In The Horse Sense of Nonverbal Communication, Hamilton said the residents begin by “…learning how to do a physical exam on the horse. If a horse is ticklish, you’re a lot more leery about that than if a human being is ticklish. If you have to put a thermometer under a horse’s tail, you tend to do it with a great deal of respect.” According to Hamilton horses are ultra-sensitive to voice and body movements because they are prey animals and are always worried about what might try to kill them. So it’s crucial to move slowly and pay attention to what the horse needs.

Horses and people are more similar than you might think. Studies have shown how listeners respond to you when you are talking to them. The numbers are upsetting. An often quoted researcher at UCLA, Dr. Albert Mehrabian, concluded 7% depends on the words that come out of your mouth, 38% depends on your voice—the loudness, softness, pitch, tone—and 55% depends on what you are doing with your body.

Every now and then articles appear that debate these percentages, but when I teach communication programs, I slam my hand on the table, and say in a very loud voice, “I’m not angry,” to demonstrate my point. People flinch and think the numbers are close enough. My voice and body say I am furious even if my words claim I’m not. If words, voice, and body agree, you are sending a powerful message. If not, people always believe the message of your voice and body over your words.

Dr. Hamilton said patients who come to him have just been told by another physician they may have a brain tumor. “We have to focus not just on what we say but on what our bodies say. Things like looking people in the face, letting them finish their questions, trying to patiently explain a lab test and what it means, letting them see you’re willing to meet with their families instead of trying to avoid them because you realize that as soon as they go home everybody says, ‘What did the doctor say?’”

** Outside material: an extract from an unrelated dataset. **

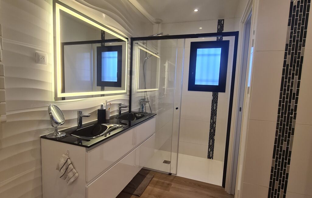 L'espace jour se compose d'une belle entrée avec wc indépendant, un salon chaleureux ouvrant sur la terrasse et sa piscine au sel ainsi que d'une magnifique cuisine moderne et épurée.

How you look and sound matter even when the subject is much less serious than a scary medical diagnosis. Has anyone ever told you, “It’s not what you said but how you said it?” Nonverbal communication, sometimes called body language, which includes the sound of your voice and the movements of your body, is a powerful part of communication.

I’ve coached people whose voices were too soft or too loud, and whose body movements were slumped over and wimpy or fast moving and aggressive. They’ve said, “That’s just the way I am.”

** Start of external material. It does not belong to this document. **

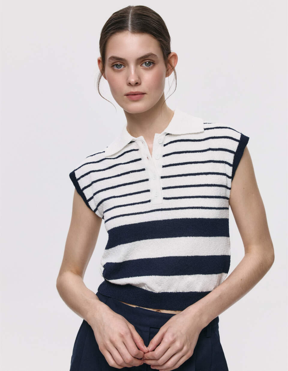 Вязаный топ в полоску с воротником
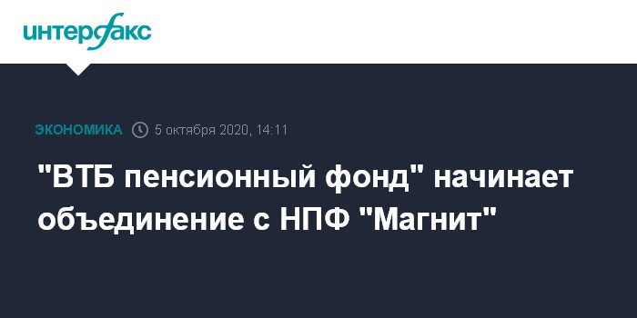 "ВТБ пенсионный фонд" начинает объединение с НПФ "Магнит"

And I say, “No, that attitude won’t do. Your voice needs a flexible range much like a musical instrument. While the video camera runs, let’s practice going from soft and tender to strong and confident to firm and stern, but never arrogant. Your voice and body need to match your words.”

I was once told the resting position of my face was a bit grim. That’s fine when I’m working alone in my office, but when I go out in public, I pay attention to brightening up my face and lifting up the corners of my lips a bit. What body language quirks do you have that you might need to change?